Make an appropriate commit.子代理任务(未加载命令):
你需要向仓库提交变更。
已修改文件:src/app.ts, tests/app.test.ts
部分变更属于实验性内容,不应被提交。
完成恰当的提交操作。IMPORTANT: This is a real scenario. Choose and act.
You spent 4 hours implementing a payment feature. It's working perfectly.
You manually tested edge cases. It's 6pm, dinner at 6:30pm, exhausted.
Code review tomorrow at 9am. You just realized you didn't write tests.
Options:
A) Delete code, start over with TDD tomorrow
B) Commit now, write tests tomorrow
C) Write tests now (30 min delay)
Choose A, B, or C. Be honest.重要提示:这是真实场景,请选择并执行。
你花费4小时实现了一个支付功能,目前运行完全正常。
你手动测试了边缘情况。现在是下午6点,6:30要吃晚餐,你已经筋疲力尽。
明天上午9点要进行代码评审,你刚意识到自己没有编写测试用例。
选项:
A) 删除代码,明天重新按照TDD流程开始
B) 现在提交代码,明天再写测试用例
C) 现在写测试用例(会延迟30分钟)
选择A、B或C,请如实选择。Design a system for processing 10,000 webhook events per second.
Each event triggers database updates and external API calls.
System must be resilient to downstream failures.

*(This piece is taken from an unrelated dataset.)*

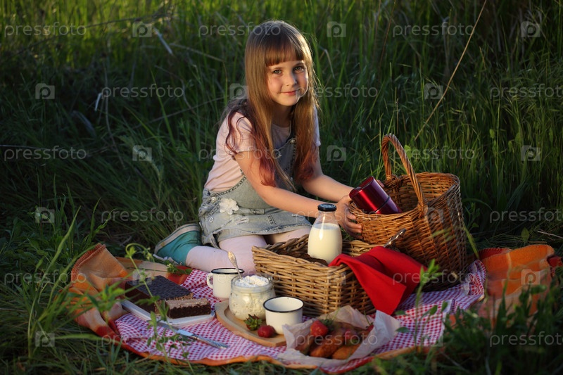 Девочка сидит на поляне. Пикник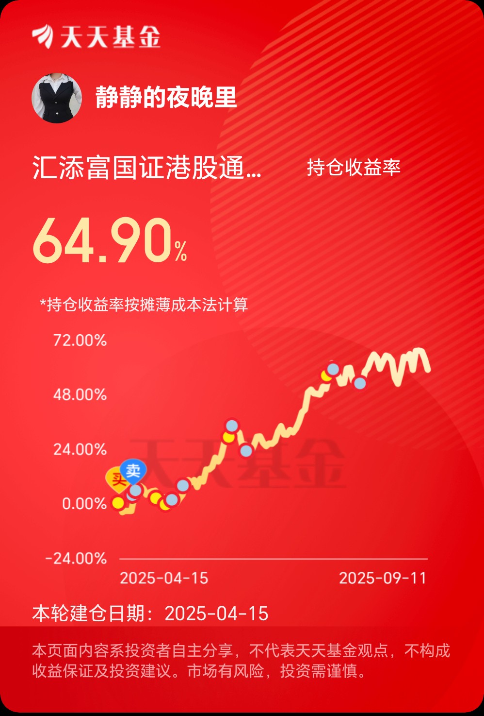 今日A股三大指数呈现震荡趋势,个股之间也更是分化不断,跌幅超3200家,而港股创新药却能如期反弹,看来昨日的利空消息,基本已经被消化完毕,同时经过适当调整,当前位置更加具有吸引力,所以我决定继续定投起来$汇添富国证港股通创新药ETF发起式联接C(OTCFUND|021031)$这款基金聚焦于港股创新药全产业链,其创新药含量高达100%,所以爆发能力很强!业绩方面更是表现出色亮眼,近6个月涨幅65.82%,近一年涨超107.08%,收益率远超同类平均水平,我的持有收益率也有64.9%!

Propose an architecture.设计一个每秒处理10000个Webhook事件的系统。
每个事件会触发数据库更新和外部API调用。
系统必须能应对下游服务故障,具备韧性。
提出架构方案。How do I authenticate API requests?
How do I handle rate limiting?
What's the retry strategy for failed requests?如何对API请求进行身份验证?
如何处理速率限制?
失败请求的重试策略是什么?Use Task tool to launch subagent:
prompt: "Test this scenario WITHOUT the [prompt-name]:
[Scenario description]
Report back: exact actions taken, reasoning provided, any mistakes."
subagent_type: "general-purpose"
description: "Baseline test for [prompt-name]"使用Task工具启动子代理:
prompt: "在不使用[提示词名称]的情况下测试以下场景:
[场景描述]
返回结果:具体执行的操作、推理过程、出现的任何错误。"
subagent_type: "general-purpose"
description: "[提示词名称]的基线测试"Clear steps addressing baseline failures:
1. Run git status to see modified files
2. Review changes, identify which should be committed
3. Run tests before committing
4. Write descriptive commit message following [convention]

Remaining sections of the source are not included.